Thanks Duncan, I would not consider myself an expert on finishing and buffing, but I'm slowly learning what works for me. Lacquer takes the highest shine, but you need to let it cure till it's nice and hard before you buff it. I give it 3 weeks, I use deft rattle can mostly but am starting to use deft brushing lacquer on the first couple of coats cause it builds faster. I steel wool with 4/0 then use tripoli on the buffer. A very good turner who showed me some things when I first started turning, used a buffing wheel directly attached to the shaft of an electric motor which spun at 1720 rpm. His stuff looked great, but I think that is way too fast for lacquer, 800 is more like it, even less if you have sharp corners that will burn-off easy. I have used white diamond occasionally on light woods (gets in the pores of dark woods) but I see little increase in the shine with it.

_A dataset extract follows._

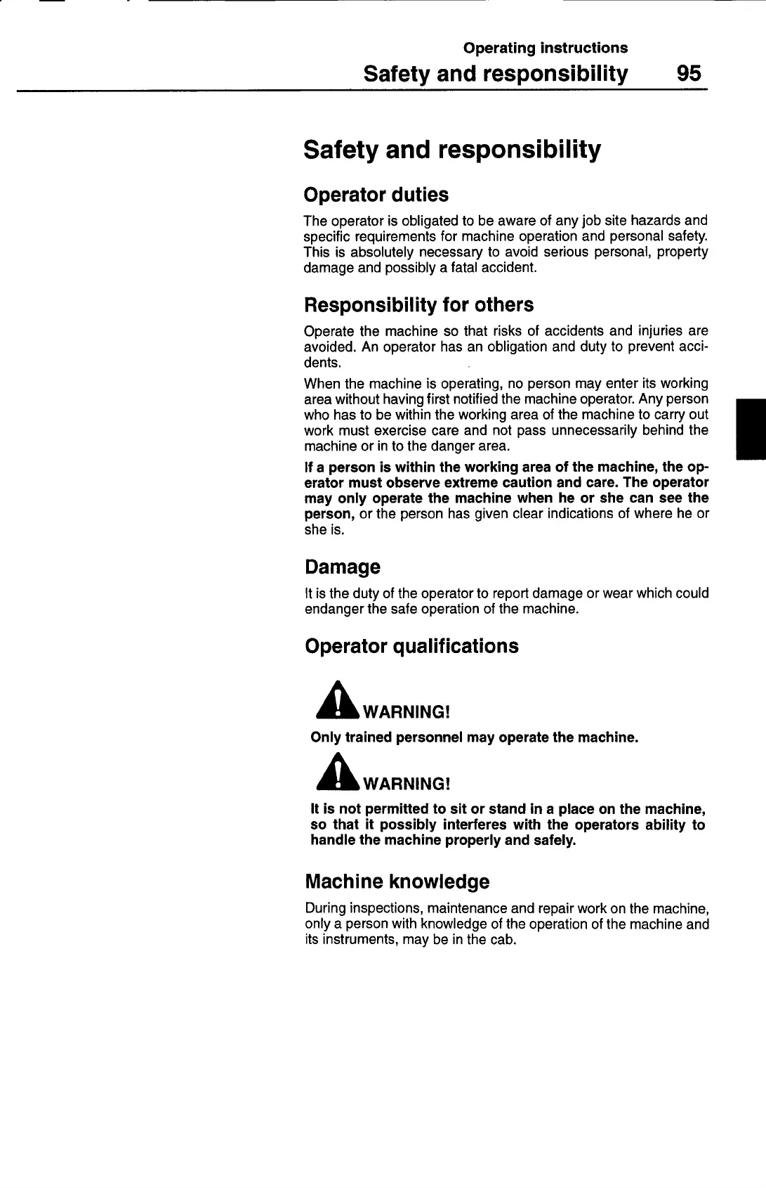 erator must observe extreme caution and care. The operator
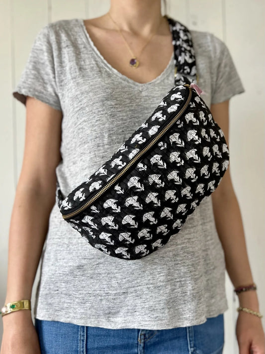 Sac banane HOLI coton quilté et imprimé block print - Œillet noir et blanc

Reactions: Thank You! 1 | Great Post 1 | Informative 3


----------



## duncsuss (Aug 18, 2015)

Hmmm ... "I steel wool" ... is this just rubbing with a wad of scrunched up steel wool? I always felt too nervous that it would strip through the finish that I'd just spent weeks putting on there (guess it's because my only experience with steel wool is the scouring pads I use to clean the stuff off the bottom of pans after I let it burn )


----------



## jmurray (Aug 18, 2015)

Classy stuff Barry!


----------



## barry richardson (Aug 18, 2015)

duncsuss said:


> Hmmm ... "I steel wool" ... is this just rubbing with a wad of scrunched up steel wool? I always felt too nervous that it would strip through the finish that I'd just spent weeks putting on there (guess it's because my only experience with steel wool is the scouring pads I use to clean the stuff off the bottom of pans after I let it burn )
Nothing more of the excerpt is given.